Each sensor usually requires both Vcc and Gnd. The screw shields bring out all of the Mega's pins, but the Mega only has a few ground and Vcc pins. Traditionally power bussing requires a stack of DIN rail terminals that are neither small nor cheap.
I 3D printed a couple of buss bar holders that give a three inch piece of 12 ga wire support. You then wrap the Vcc and Gnd leads around the buss wire and solder. This looks messy by really isn't.
The basic DuPont cable is a series of ribbon cable wires with individual loose ends. The first step is to thread a shroud over the wires and super glue it in place.
Once the shroud has set, heat shrink tubing is added to the cable near the shroud and again near the middle. This keeps the cable wire from splitting.
The near end of the cables have the two power leads separated out and banded with heat shrink.
The power leads are stripped about an inch, while the signal leads are stripped shorter. All leads are tinned and then trimmed to final length.
Each devices cables were pre-made and labeled. This greatly simplified wiring. cable length isn't an issue as M-F cables can be used as extensions where ever needed.
Clockwise from top left: RTC module with battery. Traffic light with 3D printed Greek Revival cover. Red is Alarm On, yellow is aux relay (coffee pot) state. Green is the heartbeat indicator.
K2 is the coffee pot relay. K1 is not installed.
Finally we have the IR sensor. These devices are very sensitive to power levels and if your nearing the 200mA limit of the card, the IR remote will only work erratically or not at all. The shroud also keeps extra light off the sensor.
Clockwise from top left. Relay K2 again. The buzzer fits in the same holder as the IR receiver. The boost converter. A DHT temp and humidity sensor.
Fab:At this point the hardware is solid, the software is clean, the wiring has been trimmed and it's time for some fab.
I love using Lexan as a material. You can get it clear, tinted, transparent color, opaque color, and its easy to machine at my desk. Great stuff. In this case I have a piece of mirror Lexan 8x12. The plan only calls for 8x8, but why not? A couple of the items hadn't had their mounting locations settled and having some reserve space is always good at this stage of development.
Everything is mounted with #6 or #4 SS allen head cap machine screws with red fiber washers, ss washers, and nyloc nuts.
All the 3D printed mounts had been reprinted in copper silk. Some of the wiring shrouds were done early on and I'm not going to replace perfectly good, functional, wiring for a purely aesthetic issue.
The Mega is hiding under the screw terminal shield, everything not front or rear panel mounting is attached here.
The little device PC cards have been secured in their mounts with a couple of small dabs of gel superglue, The shrouds hold the pins in place and increase connection retention force.

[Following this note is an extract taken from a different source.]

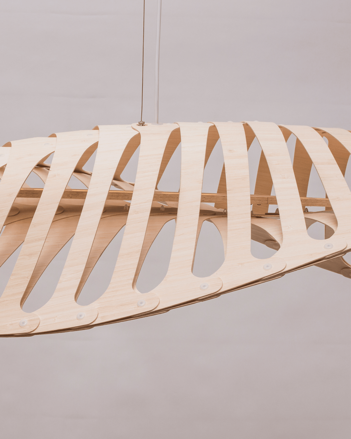 MaterialsPlywood | Nylon clips | Aluminium | Polycarbonate diffuser | Stainless Steel cables

They also give a place to label the connectors.
CW from top left:
- The IR sensor, traffic light, Ack button and selector pot will all mount on the front panel.
- MP3 player and 2" speaker with micro SD memory (hidden) for wake up messages.
- micro SD weather logger and coffee pot power relay
- Buzzer, DHT-11 (foreground) glued into mounts, Vcc/Gnd buss bars (pink)
CW from top left:
- Micro SD data logger and coffee pot power relay showing wiring
- 5VDC power feed from 20W (5V @ 4A) wall wart switching power block.
- Coffee pot outlet mounts in 2" dia hole and is prewired.
- Complete electronics package waiting on rest of case.
I'm building a 2nd copy that will have much neater wiring. In the prototype here, the leads were left long as the mech layout wasn't settled. Now that I have a reference layout, the cables can be cut to fit prior to connection.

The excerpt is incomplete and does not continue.